These are the key concepts you need to understand to accurately answer the question.

Enthalpy Calculation
Enthalpy is a key concept when dealing with any thermodynamic process. It measures the total heat content of a system. In our exercise, we calculate the enthalpies of both dry air and water under changing temperatures.
In this adiabatic cooling process, we consider the specific heat capacity of air and the heat of vaporization for water. The change in enthalpy \( \Delta H \) is essential for understanding how energy is exchanged within the system, even when no heat is transferred to the outside.
You derive expressions for the enthalpies as functions of the outlet air temperature. By substituting these into your energy balance equation, you can form a fourth-order polynomial equation.

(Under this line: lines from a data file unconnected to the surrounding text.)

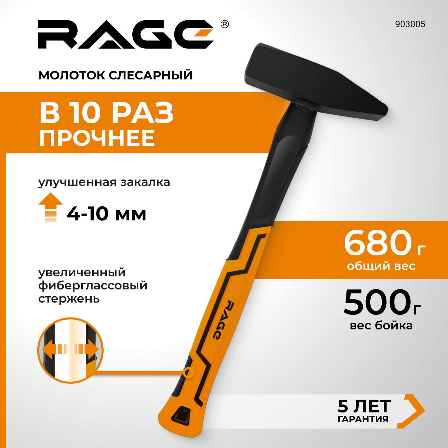 Молоток слесарный Rage 903005 фиберглассовая рукоятка 500 г
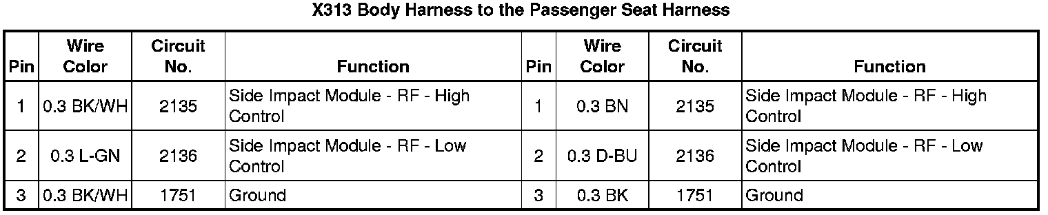 X313 Body Harness to the Passenger Seat Harness
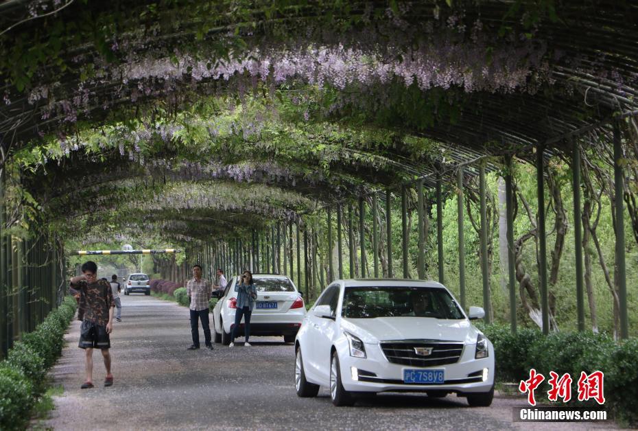 4月19日,浙江杭州“紫藤花大道”引得市民驱车前来体验。近日,杭州紫藤路上紫藤花绚丽绽放,花团锦簇,如梦似幻,不少市民游客纷纷到此观赏体验。中新社记者王刚 摄
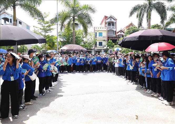 Thanh niên tình nguyện hỗ trợ thí sinh tại điểm thi Trường THPT Đan Phượng, huyện Đan Phượng, Hà Nội. Ảnh tư liệu: Hoàng Hiếu/TTXVN

Tools like spreadsheets or MATLAB can then solve for the final temperature, making the calculation easier.
Remember, in the context of enthalpy calculation, the goal is to comprehend how energy transformations occur within the system without external heat exchanges.
Energy Balance
In thermodynamics, an energy balance helps track how energy enters, exits, or gets transformed within a system. This concept is central to our spray cooler scenario.
For this adiabatic process, remember that adiabatic means no heat transfer with the surroundings, hence \( Q = 0 \). The energy balance equation changes to \( 0 = W + \Delta H \), leading us to focus on changes in enthalpy, or \( W = -\Delta H \).
You balance the energy by considering the air and water interactions. As sprayed water evaporates, it requires energy, which is extracted from the air. This reduction in the air's thermal energy (due to evaporation) is the core of cooling air without changing the system's overall energy with the environment.
This principle mirrors natural processes like sweating, where no external energy is added, but heat is used to transform liquid water to vapor, thus cooling the body.
Spray Cooler Process
The spray cooler is a fascinating industrial application of adiabatic cooling. Here, water droplets are sprayed into a stream of hot air, creating a cooling effect.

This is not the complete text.